There are logistic challenges in deciding who would provide and pay for these counseling services. Being part of medical school and residency curriculum would be fairly simple to set up but it becomes much more difficult to organize services for all the private physicians out there. However, I think there is a precedent for this. Currently individual states are able to require certain criteria for state licensure, such as CME’s, then perhaps a required amount of individual and group counseling sessions could be instituted as well. It would behoove State Medical Boards to provide these free of charge given the immense benefits to doctors and patients in their state. States already do this with educational material they have prioritized as essential for all license holding doctors to know. For instance, when I worked in Delaware the state required specific training in recognizing and reporting child abuse, educational materials they provided free of charge, before licenses could be granted or renewed.
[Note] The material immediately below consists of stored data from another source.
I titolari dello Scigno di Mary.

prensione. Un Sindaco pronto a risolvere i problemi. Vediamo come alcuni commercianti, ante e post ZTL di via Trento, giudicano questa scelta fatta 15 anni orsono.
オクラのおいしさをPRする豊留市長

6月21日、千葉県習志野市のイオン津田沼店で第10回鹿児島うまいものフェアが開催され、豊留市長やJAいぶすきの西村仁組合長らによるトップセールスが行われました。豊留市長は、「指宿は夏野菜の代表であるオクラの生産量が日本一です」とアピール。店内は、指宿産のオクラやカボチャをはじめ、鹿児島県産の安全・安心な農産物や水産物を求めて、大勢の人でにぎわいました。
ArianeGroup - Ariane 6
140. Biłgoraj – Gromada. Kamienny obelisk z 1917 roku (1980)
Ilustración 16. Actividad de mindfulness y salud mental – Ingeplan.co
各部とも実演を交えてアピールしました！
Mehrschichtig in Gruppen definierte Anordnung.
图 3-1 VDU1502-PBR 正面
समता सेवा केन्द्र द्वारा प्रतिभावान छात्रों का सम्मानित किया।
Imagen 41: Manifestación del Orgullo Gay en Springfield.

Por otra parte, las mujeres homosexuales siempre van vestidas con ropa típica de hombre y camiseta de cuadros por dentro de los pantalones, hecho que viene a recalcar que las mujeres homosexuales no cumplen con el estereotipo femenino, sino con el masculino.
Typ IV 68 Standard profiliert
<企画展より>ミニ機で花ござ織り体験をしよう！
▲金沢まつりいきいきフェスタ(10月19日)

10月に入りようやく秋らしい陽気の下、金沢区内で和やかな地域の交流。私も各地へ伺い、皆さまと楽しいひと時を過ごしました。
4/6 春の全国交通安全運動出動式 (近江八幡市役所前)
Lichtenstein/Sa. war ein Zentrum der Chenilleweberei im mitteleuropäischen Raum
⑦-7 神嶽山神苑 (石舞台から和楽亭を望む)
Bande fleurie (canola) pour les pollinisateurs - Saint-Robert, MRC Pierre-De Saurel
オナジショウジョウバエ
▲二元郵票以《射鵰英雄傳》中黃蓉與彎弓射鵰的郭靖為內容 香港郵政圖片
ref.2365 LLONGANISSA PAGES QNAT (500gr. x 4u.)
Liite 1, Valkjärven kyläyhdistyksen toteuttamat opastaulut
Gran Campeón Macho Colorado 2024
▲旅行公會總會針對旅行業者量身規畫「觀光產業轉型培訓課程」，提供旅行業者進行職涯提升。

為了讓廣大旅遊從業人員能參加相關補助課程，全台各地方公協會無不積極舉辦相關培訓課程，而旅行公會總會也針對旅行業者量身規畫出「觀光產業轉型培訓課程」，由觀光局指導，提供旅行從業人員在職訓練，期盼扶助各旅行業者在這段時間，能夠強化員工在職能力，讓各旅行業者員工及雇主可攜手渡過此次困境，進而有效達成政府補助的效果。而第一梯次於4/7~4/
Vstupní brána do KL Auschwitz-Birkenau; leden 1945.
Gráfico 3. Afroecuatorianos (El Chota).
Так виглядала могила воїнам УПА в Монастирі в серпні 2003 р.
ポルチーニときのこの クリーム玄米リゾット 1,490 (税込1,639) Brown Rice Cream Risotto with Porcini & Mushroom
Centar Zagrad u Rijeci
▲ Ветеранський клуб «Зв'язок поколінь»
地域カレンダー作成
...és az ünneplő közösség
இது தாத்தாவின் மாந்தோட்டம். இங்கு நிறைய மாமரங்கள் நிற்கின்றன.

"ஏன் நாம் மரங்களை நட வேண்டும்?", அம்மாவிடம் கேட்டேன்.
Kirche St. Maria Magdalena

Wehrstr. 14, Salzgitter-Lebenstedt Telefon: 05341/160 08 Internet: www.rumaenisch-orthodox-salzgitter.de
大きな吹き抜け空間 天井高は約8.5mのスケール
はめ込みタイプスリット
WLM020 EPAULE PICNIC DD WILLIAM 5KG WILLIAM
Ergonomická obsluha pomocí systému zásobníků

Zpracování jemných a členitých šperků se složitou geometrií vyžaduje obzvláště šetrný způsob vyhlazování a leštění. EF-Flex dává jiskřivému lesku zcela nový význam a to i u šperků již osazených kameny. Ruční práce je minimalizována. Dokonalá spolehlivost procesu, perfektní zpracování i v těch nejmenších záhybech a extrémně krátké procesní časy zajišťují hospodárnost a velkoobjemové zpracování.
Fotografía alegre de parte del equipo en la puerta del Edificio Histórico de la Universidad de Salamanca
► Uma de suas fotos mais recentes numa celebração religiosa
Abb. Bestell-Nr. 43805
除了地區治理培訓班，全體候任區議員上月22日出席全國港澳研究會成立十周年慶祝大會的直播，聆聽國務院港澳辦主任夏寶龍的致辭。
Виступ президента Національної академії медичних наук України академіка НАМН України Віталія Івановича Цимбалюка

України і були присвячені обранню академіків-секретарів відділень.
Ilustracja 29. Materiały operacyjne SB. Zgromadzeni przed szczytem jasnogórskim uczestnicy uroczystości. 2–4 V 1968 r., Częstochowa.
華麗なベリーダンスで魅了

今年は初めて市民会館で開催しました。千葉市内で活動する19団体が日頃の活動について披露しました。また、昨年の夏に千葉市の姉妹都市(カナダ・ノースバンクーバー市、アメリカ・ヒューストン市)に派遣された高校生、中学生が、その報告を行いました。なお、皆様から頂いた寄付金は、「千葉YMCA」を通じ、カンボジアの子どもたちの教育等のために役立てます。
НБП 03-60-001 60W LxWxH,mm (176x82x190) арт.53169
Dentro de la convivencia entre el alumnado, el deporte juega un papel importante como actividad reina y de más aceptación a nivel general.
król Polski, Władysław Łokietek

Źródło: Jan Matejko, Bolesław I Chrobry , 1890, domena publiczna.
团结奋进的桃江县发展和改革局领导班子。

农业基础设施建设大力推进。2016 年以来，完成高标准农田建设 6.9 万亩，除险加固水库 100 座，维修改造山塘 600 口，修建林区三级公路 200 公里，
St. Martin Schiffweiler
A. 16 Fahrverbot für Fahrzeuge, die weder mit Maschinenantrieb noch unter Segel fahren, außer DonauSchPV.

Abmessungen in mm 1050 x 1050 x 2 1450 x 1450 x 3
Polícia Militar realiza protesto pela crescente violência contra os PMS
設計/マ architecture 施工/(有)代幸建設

State Medical Boards would just have to recognize physician suicide as the public health crisis it is and prioritize the well being of physicians just like they would prioritize any other health crisis in their state.
But I think one of the larger obstacles to making counseling mandatory for training and practicing physicians is the association counseling has with mental illness and the stigma that carries. In fact, models where counseling is regularly used on non-mentally ill people on a large scale are rarely seen. The only time I’ve observed counseling being regularly set up for a general population is after a specific traumatic event like a school or workplace shooting. And then it’s usually only available to the victims of these events for a short while. It’s a shame we are not providing regular counseling for people encountering emotionally traumatic situations on a routine basis such as physicians, soldiers, EMTs, police, firefighters and any other profession that handles high stress, life and death situations. I think the rates of burnt out, depression, substance abuse, and suicide in all these professions would dramatically drop. And for physicians it might allow them to develop more emotional space to be able to spend time and listen to their patients.
I don’t know the circumstances of the two suicides at my former Medical School but I can speak from my own experience and the behaviors I’ve witnessed from my colleagues. The benefit of having an excellent emotional support system for doctors that includes regular individual and group counseling without any associated stigma would far outweigh it’s cost. And there is a precedent to be able to provide this as a requirement through individual state Medical Boards. But first the culture of medicine needs to stop asking physicians to suck up their emotional trauma and start accepting the demands of the job require a healthy outlet to ensure physicians and patients can continue to thrive.